Your logic is not good. Write an algorithm

def read_book():
    create word frequency dictionary (only once, not in a loop)
    open the file
    for each line in the file:
        split the line into words
        for each word in the line:
            increment the word's frequency (we don't need a word list)
    sort the frequency dict items (again only once, not in a loop)

The implementation must follow the same logic and the same indentation scheme.
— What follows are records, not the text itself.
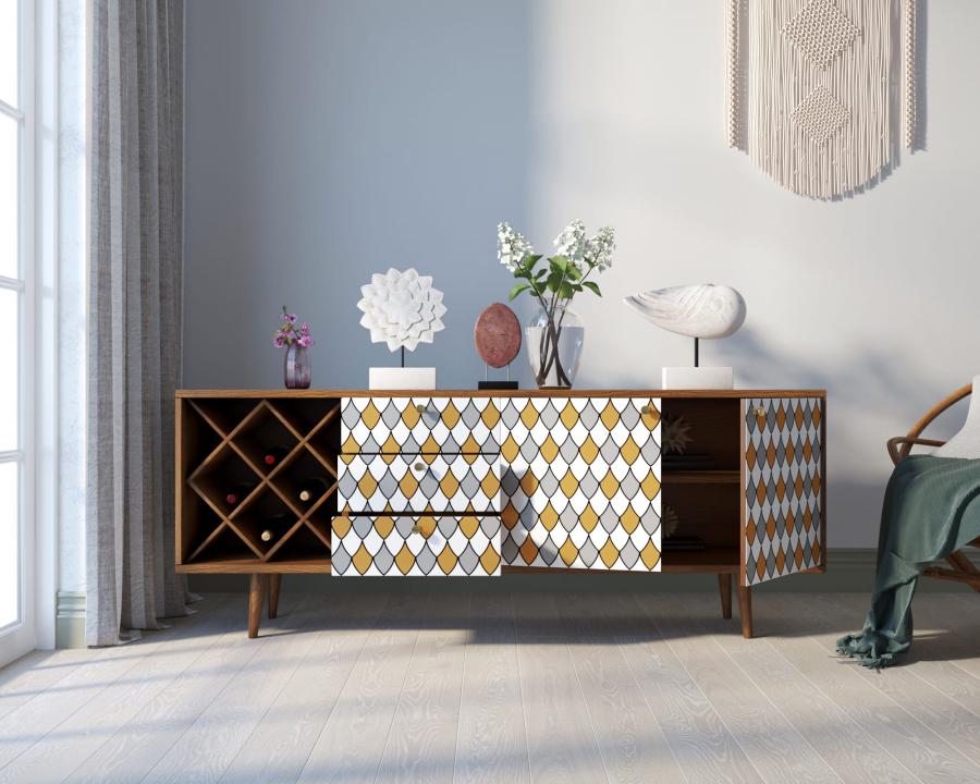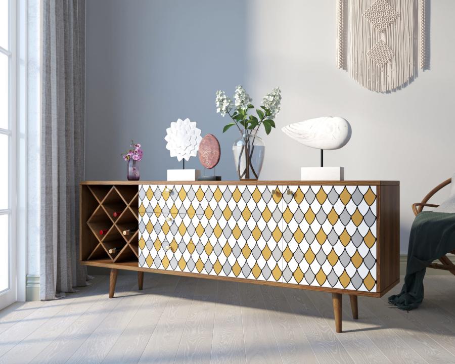 Комод "Berber" удлиненный с бутылочницей 22 принт. Удлиненный комод "Berber" снабжен бутылочницей, тремя небольшими ящиками, а за дверцами пространство разделено полкой. Комод функционален и может служить тумбой под TV, дополнением к дивану в гостиной, который зонирует пространство комнаты или быть самостоятельным арт-объектом.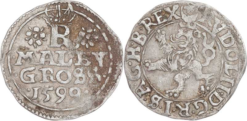 Malý groš 1599, Jáchymov-Hoffmann, HN.8b (opis 7c), nápis ". MALEY ./. GROSS ./. 1599 .", 0.946g, nep.nedor., pěkná patina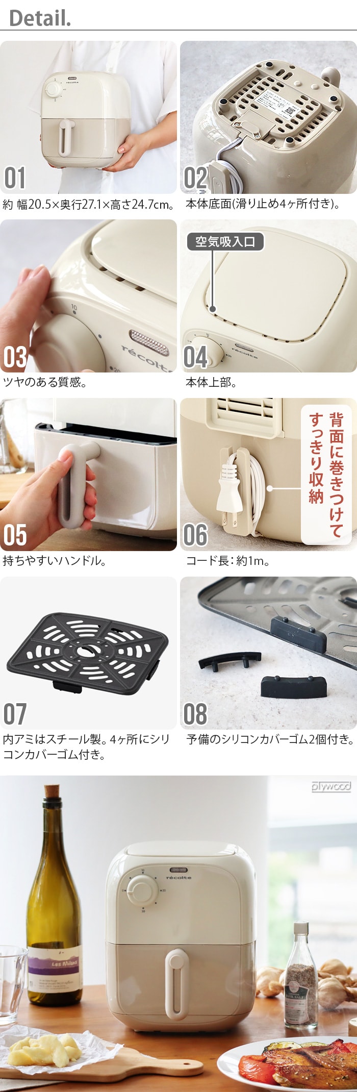 | 本体、バスケット、内アミ(予備カバーゴム×2)、専用レシピブック |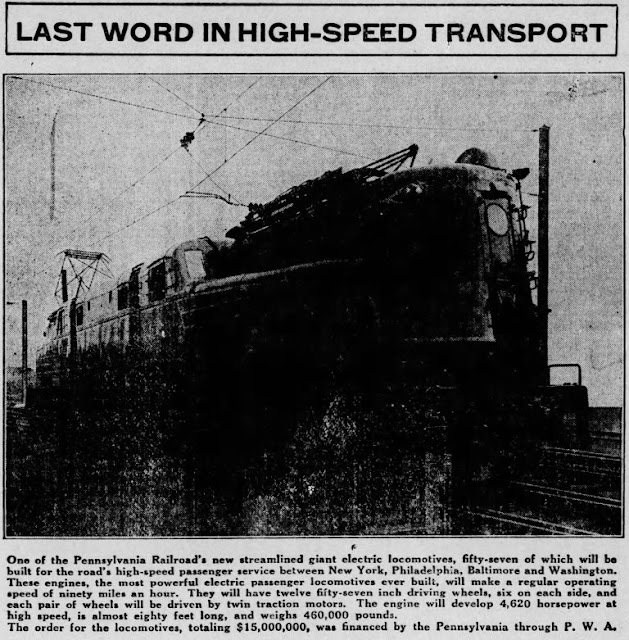 Above: The caption for this photo--which comes from The Perry County Democrat (Bloomfield, Pennsylvania), November 28, 1934-- notes that the 57, PWA-financed, "Old Rivets" style locomotives were, at the time, "the most powerful electric passenger locomotives ever built." Further, an earlier article in The Gazette (Cedar Rapids, Iowa) reported that PWA loans allowed the Pennsylvania Railroad to make "one of the largest equipment orders in the history of American railroading" (November 10, 1934, p. 1). And all of this financing and ordering allowed thousands of railroad workers to return to their jobs, and would benefit about 100 other industries (see, e.g., "Huge Electrification Program of P.R.R. in Full Swing," The News-Herald (Franklin, Pennsylvania), March 28, 1934, p. 1). Photo from newspapers.com, used here for educational and non-commercial purposes.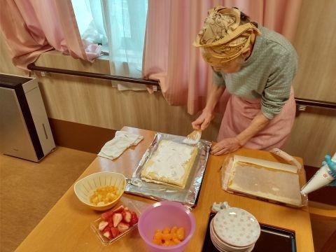 ご利用者さまと一緒にケーキ作りを行いました!とても手際良く生クリームを塗り、フルーツをトッピングしてくださいました。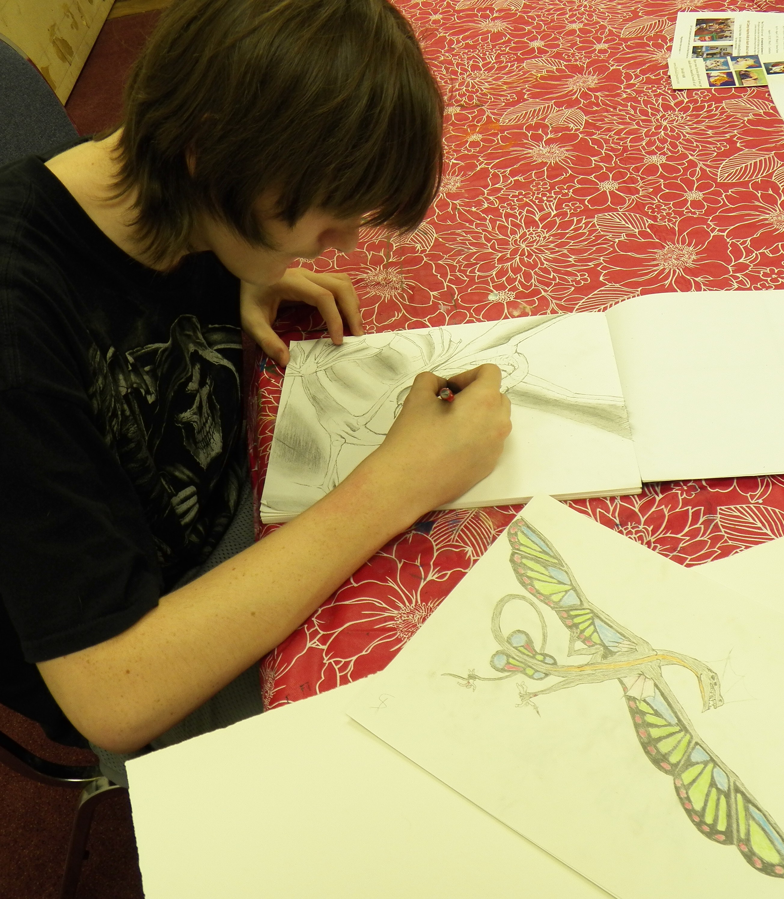 I also have young artists who are a little too old for the Young Artists classes so they join us for adult classes on Wednesday or Thursday from 5:30-7. These classes allow students to develop their skills while working on a subject of their choice while receiving individual instruction. This is Liam, a new student who had excellent drawing skills, working on his fantasy drawing.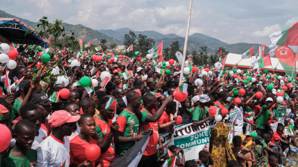 Photo : Des membres du parti au pouvoir Cndd-FDD rassemblés lors de la campagne pour les législatives, les sénatoriales et les communales à Bujumbura, le 31 mai 2025. © AFP/RFI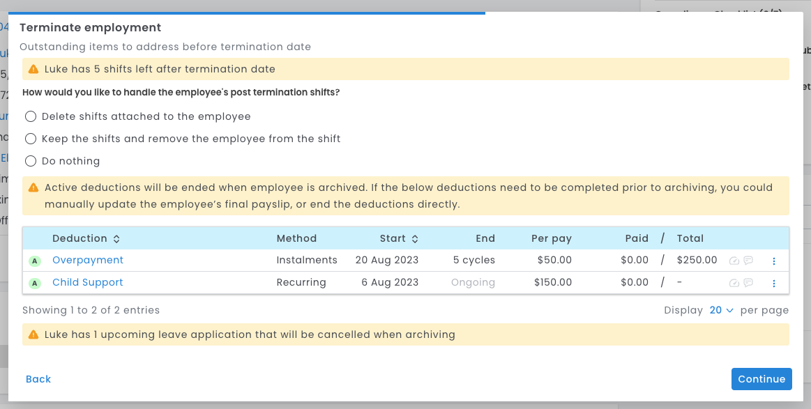 - If the employee has any shifts, leave, or deductions after the termination date, you will be asked how you would like to handle these. Make your selection and press Continue.
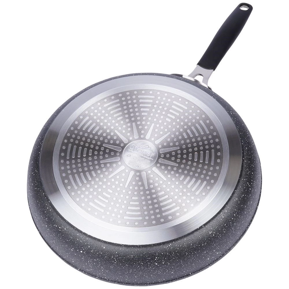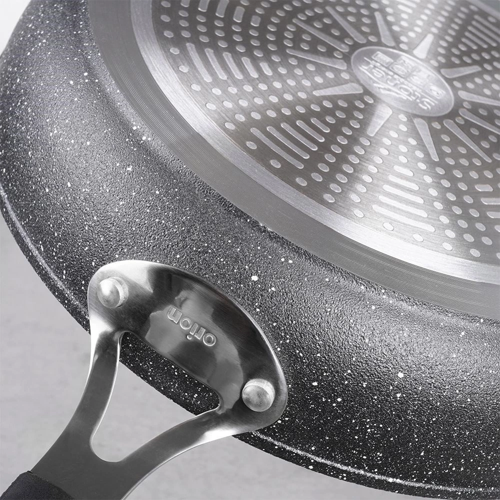 Patelnia granitowa wykonana z najwyższej jakości materiałów, nie zawiera żadnych toksycznych związków - PFOA, PTFE. Można stosować na wszystkich typach kuchenek wraz z indykcją. Patelnia zaskoczy Cię swoimi unikalnymi właściwościami. Jej chropowata powierzchnia jest idealna do steków i wielu innych przysmaków. Dzięki temu olej jest lepiej rozprowadzony pod potrawami, składniki są równomiernie przypieczone, nie palą się. Oryginalny produkt czeskiej marki Orion. Wyprodukowano zgodnie z europejskimi standardami.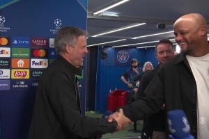 巴黎主帅恩里克、拜仁主帅孔帕尼赛后在媒体采访区见面交流,两人都露出笑容。

Following your instructions to the best of my abilities here is my new code:
I just get a bunch of random numbers.

import string

def read_book():
    word_freq = {}
    f = open("alice_in_wonderland.txt", "r")
    for l in f.readlines()[10:3340]:
        book_line = l.strip().translate(None, string.punctuation)
        for w in book_line.split(" "):
            if w != "":
                word_freq[w] = word_freq.get(w, 0) + 1
                keys = word_freq.keys()
    keys.sort()
    return map(word_freq.get, keys)

Here we sort with reverse frequency, and show ten most common:

import string

def read_book():
    word_freq = {}
    f = open("alice.txt", "r")
    for l in f.readlines()[10:3340]:
        book_line = l.strip().translate(None, string.punctuation).lower()
        for w in book_line.split(" "):
            if w != "":
                word_freq[w] = word_freq.get(w, 0) + 1
    return sorted(word_freq.items(), reverse=True, key=lambda x: x[1])

print read_book()[:10]
"""Output:
[('the', 1591), ('and', 827), ('to', 713), ('a', 624), ('she', 529), ('it', 526), ('of', 492), ('said', 462), ('i', 400), ('alice', 385)]
"""

Here we sort with reverse frequency, and show ten most common:

import string

def read_book():
    word_freq = {}
    f = open("alice.txt", "r")
    for l in f.readlines()[10:3340]:
        book_line = l.strip().translate(None, string.punctuation).lower()
        for w in book_line.split(" "):
            if w != "":
                word_freq[w] = word_freq.get(w, 0) + 1
    return sorted(word_freq.items(), reverse=True, key=lambda x: x[1])

print read_book()[:10]
"""Output:
[('the', 1591), ('and', 827), ('to', 713), ('a', 624), ('she', 529), ('it', 526), ('of', 492), ('said', 462), ('i', 400), ('alice', 385)]
"""

Thanks Tony.
This is my code using a modified version of your return sorted() statement.

import string

def read_book():
    word_freq = {}
    f = open("alice_in_wonderland.txt", "r")
    for l in f.readlines()[10:3340]:
        book_line = l.strip().translate(None, string.punctuation)
        for w in book_line.split(" "):
            if w != "":
                w.lower()
                word_freq[w] = word_freq.get(w, 0) + 1
    return sorted(word_freq.items(), key=lambda x: x[1])[-20:-1]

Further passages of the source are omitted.